In 2024, a landmark court decision rocked the real estate world.

The National Association of Realtors, which represents 1.5 million agents nationwide, settled multiple class-action lawsuits over claims that its practices unfairly drove up commissions for both homebuyers and sellers.

As a result, NAR created new rules that give sellers more flexibility in how they pay their agents. Instead of home sellers paying the standard 5% or 6% of a home’s purchase price — which pays their agent, who in turn passes along half to the buyer’s broker — sellers now have more options that could reduce those costs. Also as a result of the settlement, buyers may be more likely to have to cover their broker’s fee themselves.

In reality, not much has changed so far. Many real estate brokerages have found workarounds to ensure their agents keep getting the highest commissions. Only 6% of sellers listed their homes for sale by owner, and 86% of homebuyers still used an agent, NAR found, according to 2024 NAR data.

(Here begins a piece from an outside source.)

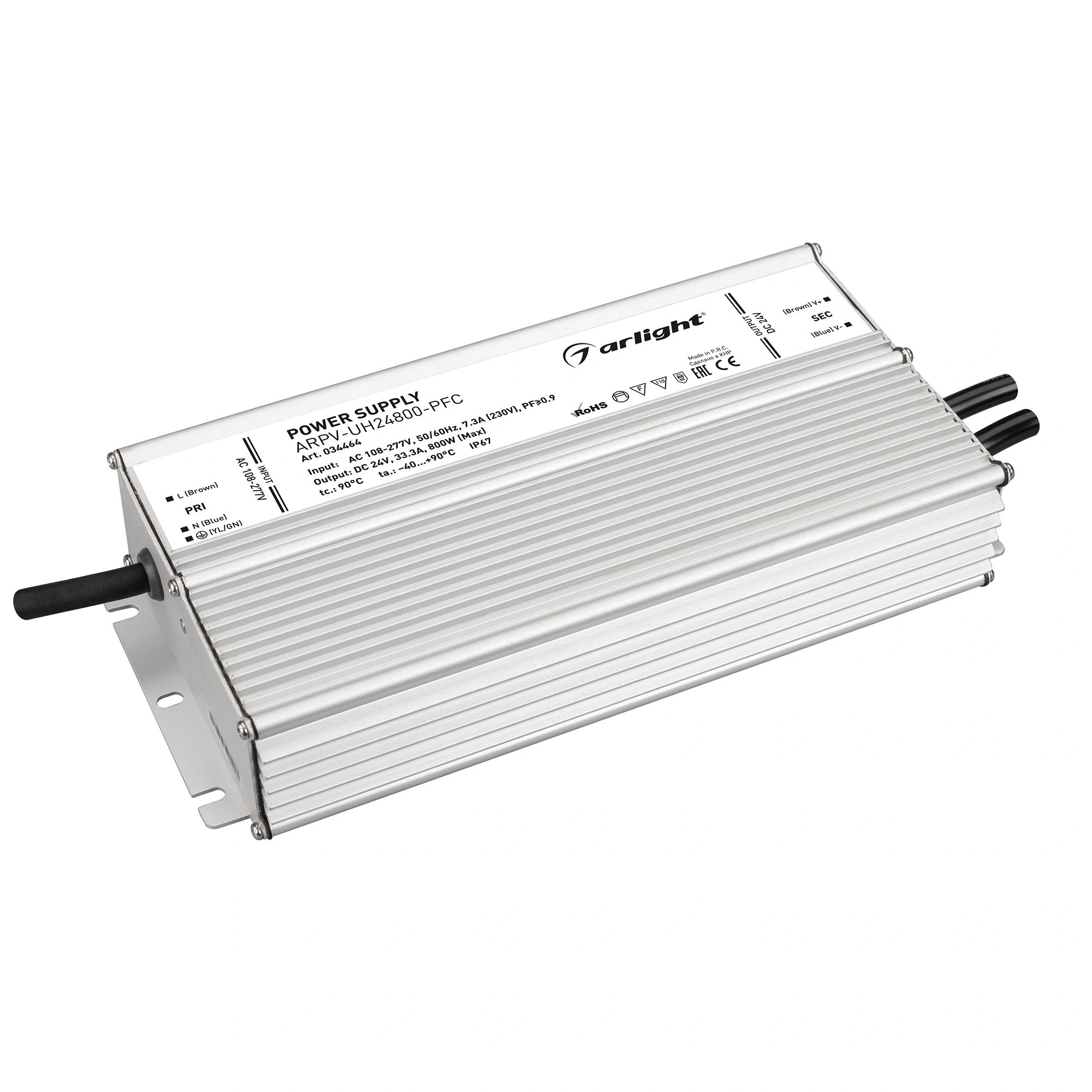 Источник напряжения с гальванической развязкой для светодиодных изделий. Входное напряжение 108-277 VAC. Выходные параметры: 24 В, 33.3 А, 800 Вт. Встроенный PFC >0.9. Герметичный алюминиевый корпус IP 67. Рабочая температура -40…+90C⁰. Габаритные размеры длина 262 мм, ширина 125 мм, высота 49 мм. Гарантийный срок 7 лет.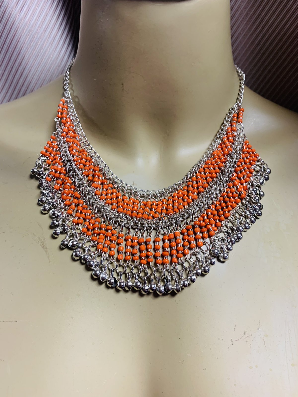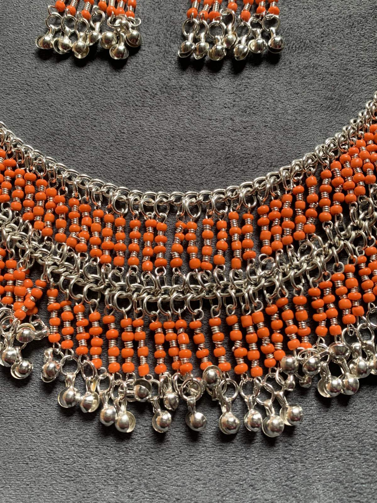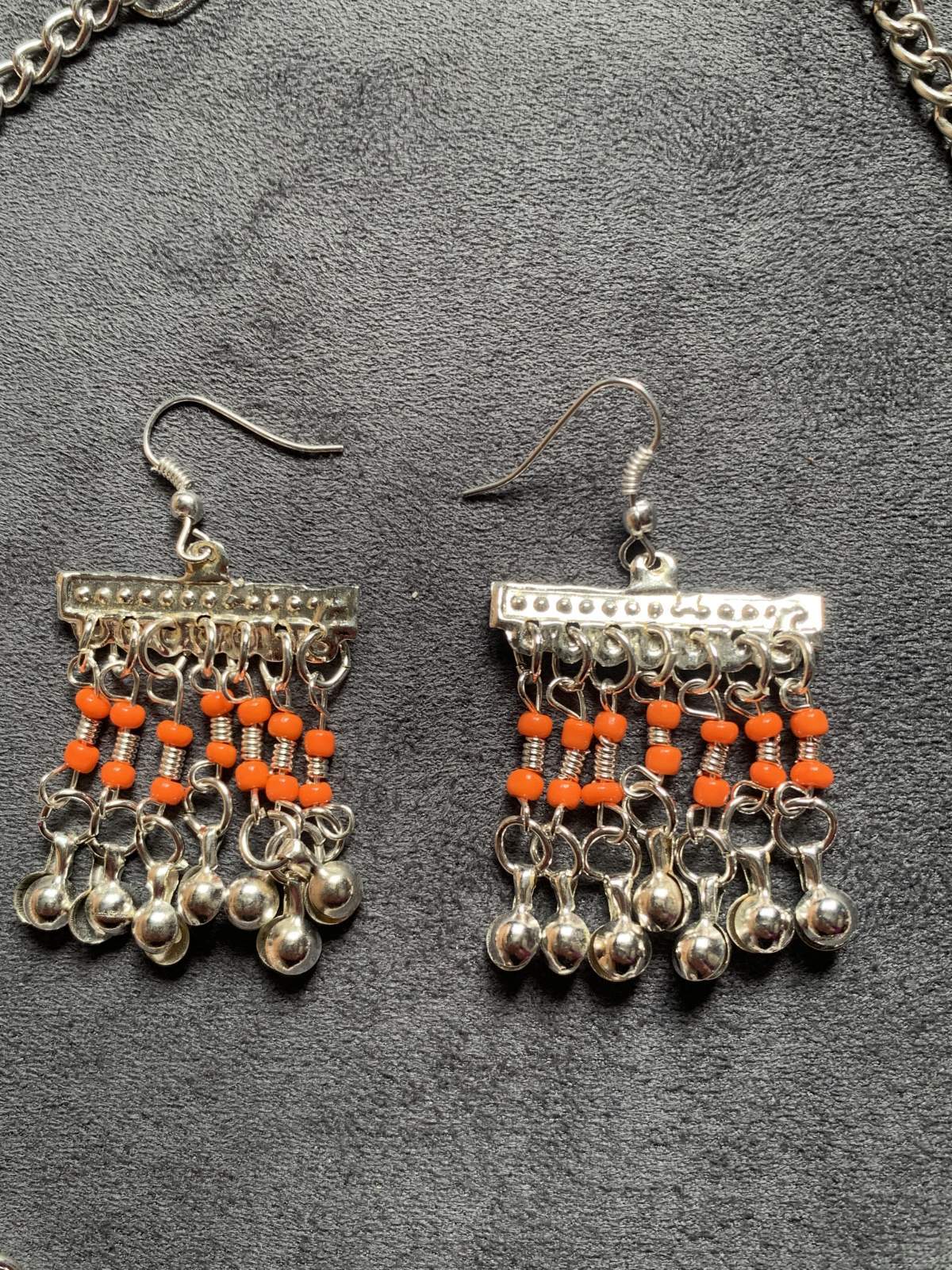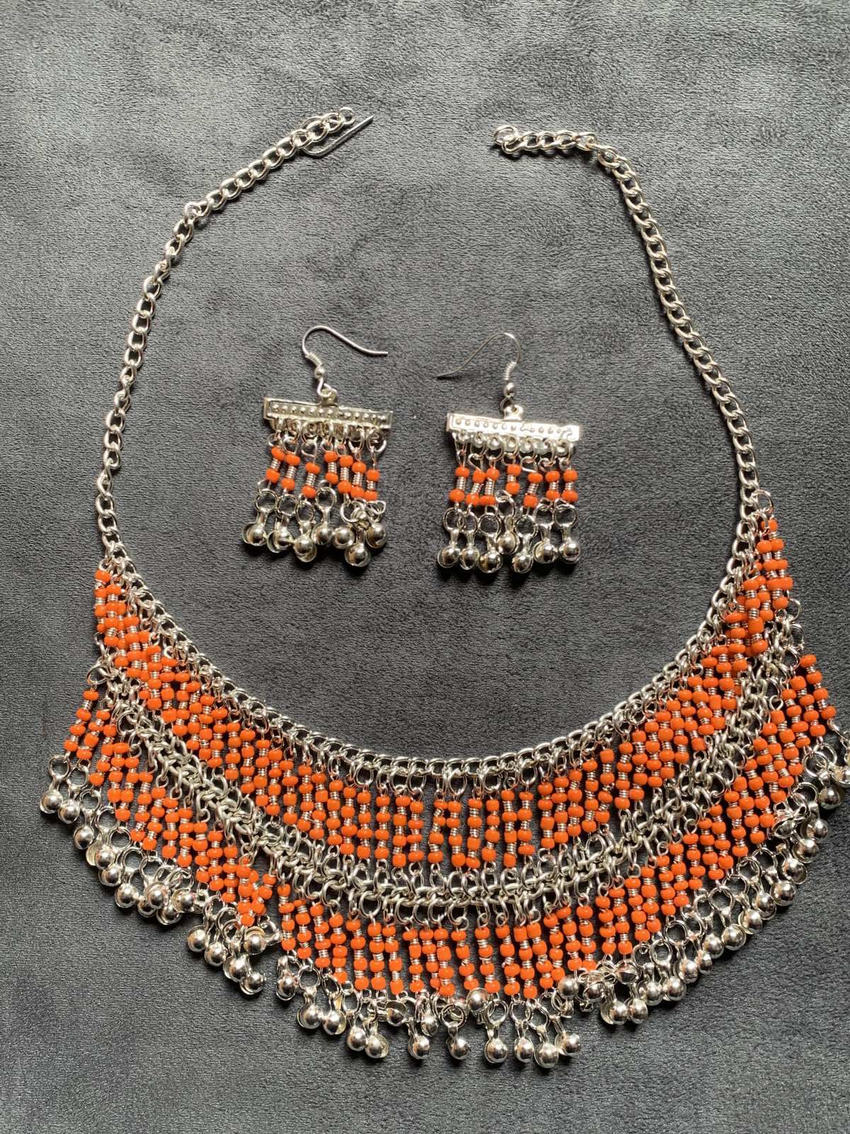 古代エジプトのファラオが着用していた装飾品のような。。そんな雰囲気のあるネックレスとピアスのアクセサリーセット。こちらは1点ものになります。ファラオニックのコスチュームにプラスする他、オリエンタル衣装にプラスして少しクラシックな印象にしてみたり、定番のコインアクセサリーからワンランクアップで繊細なアクセサリーに挑戦したい方におすすめ!! ■ファラオニックネックレス&ピアスセット■サイズ・チェーンの長さ:約43cm■カラー:シルバー×オレンジ■その他・金属アレルギーの方はご注意ください

Startups have long tried to challenge the traditional model of buying and selling homes and its reliance on real estate agents. The court settlement gives their missions new relevance.

For example, a newly launched online marketplace called Galleon allows sellers to list their homes for sale by owner.

Listwise, meanwhile, allows sellers to put out a call for their dream agent, including the level of experience they desire and their ideal commission structure. Agents then bid for the opportunity to sell the home, and the seller has the option to choose one offering lower fees.

Below are eight startups, listed in alphabetical order, that are trying to save home sellers money by shaking up the role and pay of the traditional real estate agent.

Dan Latu contributed to a previous version of this article.

Beycome

Headshot of Nico Jodin.
Nico Jodin, founder of Beycome. Courtesy of Nico Jodin.

Beycome aims to be a one-stop shop for homebuyers and sellers who prefer not to use real estate agents.

Founder Nico Jodin started Beycome in 2020 after having a rough experience buying a home in Miami. He wanted his company to focus on the people at the center of the transactions.

“We didn’t develop our technology for real estate agents,” Jodin told Business Insider. “We didn’t develop our technology for brokers. It’s for you.”

Beycome has helped close on over 18,000 homes and has saved users $212 million in commissions and fees, according to Jodin. Buyers using Beycome can expect the company to act as a broker during transactions. While they will collect the commission fee from the seller, they credit the buyer after taking 1%.

“You can use this credit to cover your closing costs, or you can use this money to buy interest points on your mortgage to reduce the cost of your mortgage,” Jodin said. “It is really money that we credit to you, and you do what’s better for you.”

Galleon

A headshot of Amanda Orson, CEO and founder of Galleon.
Amanda Orson, CEO and founder of Galleon. Courtesy of Amanda Orson

Think Craigslist, but for homes — that’s the idea behind Galleon.

Galleon is an off-market, for-sale-by-owner residential marketplace that lets homeowners name their prices to see if any buyers bite.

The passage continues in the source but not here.